Aim of the exercise: Ignoring every picture, return the lines of the listing below word for word, from the line that holds "Samedi | Fermé |" through the line that holds "Il feretro è".

Provided entries:
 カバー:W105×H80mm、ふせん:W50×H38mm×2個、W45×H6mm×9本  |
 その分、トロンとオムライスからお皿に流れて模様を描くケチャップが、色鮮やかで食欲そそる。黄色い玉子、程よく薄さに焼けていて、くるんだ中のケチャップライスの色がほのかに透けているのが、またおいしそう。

---

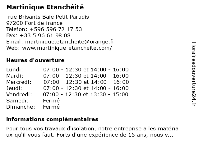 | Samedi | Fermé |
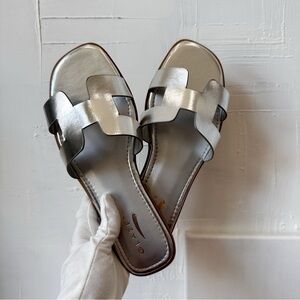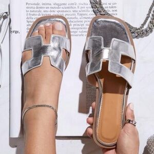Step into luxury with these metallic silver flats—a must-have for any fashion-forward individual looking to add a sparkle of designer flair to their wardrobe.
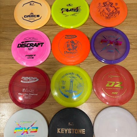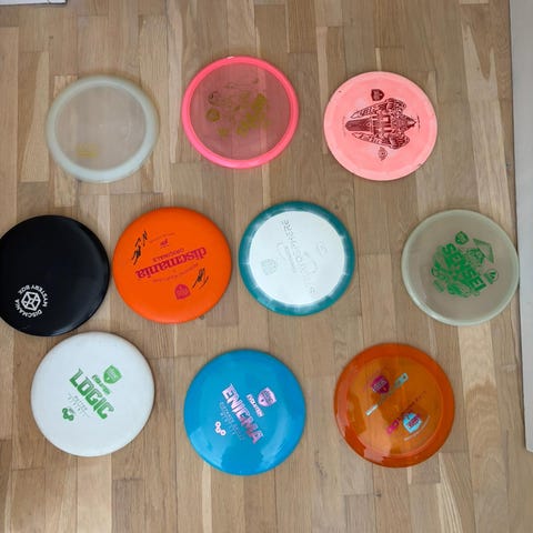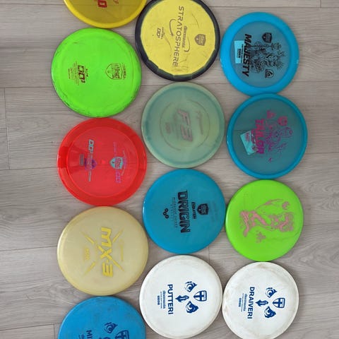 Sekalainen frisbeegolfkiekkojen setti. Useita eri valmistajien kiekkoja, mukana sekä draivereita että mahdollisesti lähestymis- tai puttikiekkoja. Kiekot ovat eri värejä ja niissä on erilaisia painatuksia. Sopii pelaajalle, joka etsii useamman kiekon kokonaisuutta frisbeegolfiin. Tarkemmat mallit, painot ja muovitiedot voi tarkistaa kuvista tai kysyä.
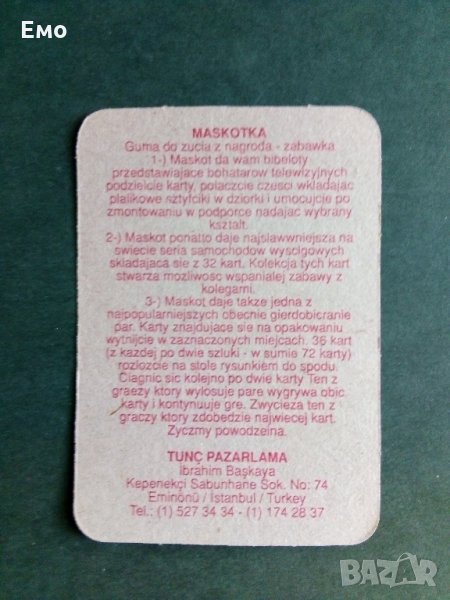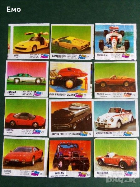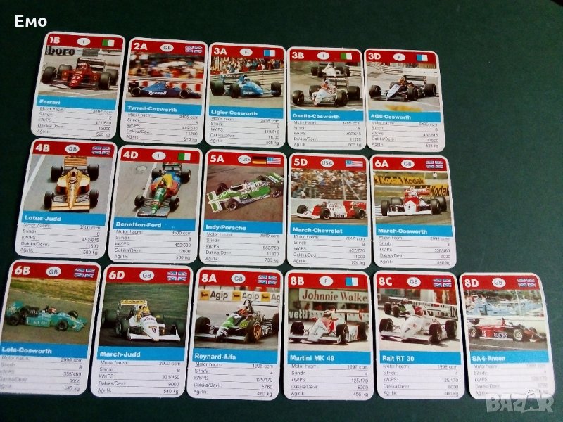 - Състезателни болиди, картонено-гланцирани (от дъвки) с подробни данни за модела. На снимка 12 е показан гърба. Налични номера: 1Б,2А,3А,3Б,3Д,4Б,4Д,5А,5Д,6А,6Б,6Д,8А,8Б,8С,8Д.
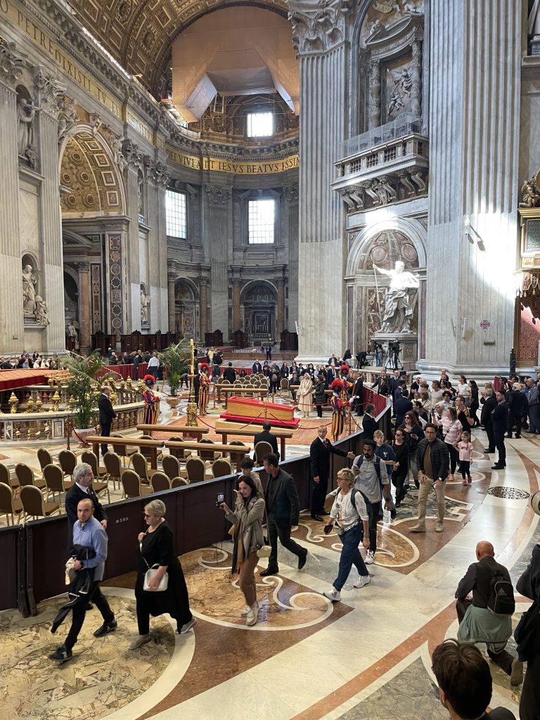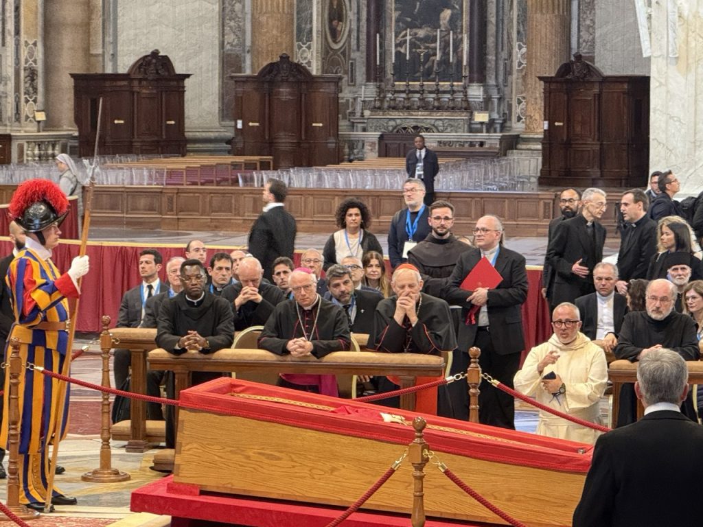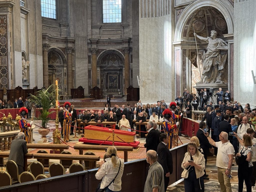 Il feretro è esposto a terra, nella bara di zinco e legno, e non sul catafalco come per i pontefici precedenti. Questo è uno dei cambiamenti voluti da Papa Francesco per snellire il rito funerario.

Answer section:
 | Samedi | Fermé |
Step into luxury with these metallic silver flats—a must-have for any fashion-forward individual looking to add a sparkle of designer flair to their wardrobe.
 Sekalainen frisbeegolfkiekkojen setti. Useita eri valmistajien kiekkoja, mukana sekä draivereita että mahdollisesti lähestymis- tai puttikiekkoja. Kiekot ovat eri värejä ja niissä on erilaisia painatuksia. Sopii pelaajalle, joka etsii useamman kiekon kokonaisuutta frisbeegolfiin. Tarkemmat mallit, painot ja muovitiedot voi tarkistaa kuvista tai kysyä.
 - Състезателни болиди, картонено-гланцирани (от дъвки) с подробни данни за модела. На снимка 12 е показан гърба. Налични номера: 1Б,2А,3А,3Б,3Д,4Б,4Д,5А,5Д,6А,6Б,6Д,8А,8Б,8С,8Д.
 Il feretro è esposto a terra, nella bara di zinco e legno, e non sul catafalco come per i pontefici precedenti. Questo è uno dei cambiamenti voluti da Papa Francesco per snellire il rito funerario.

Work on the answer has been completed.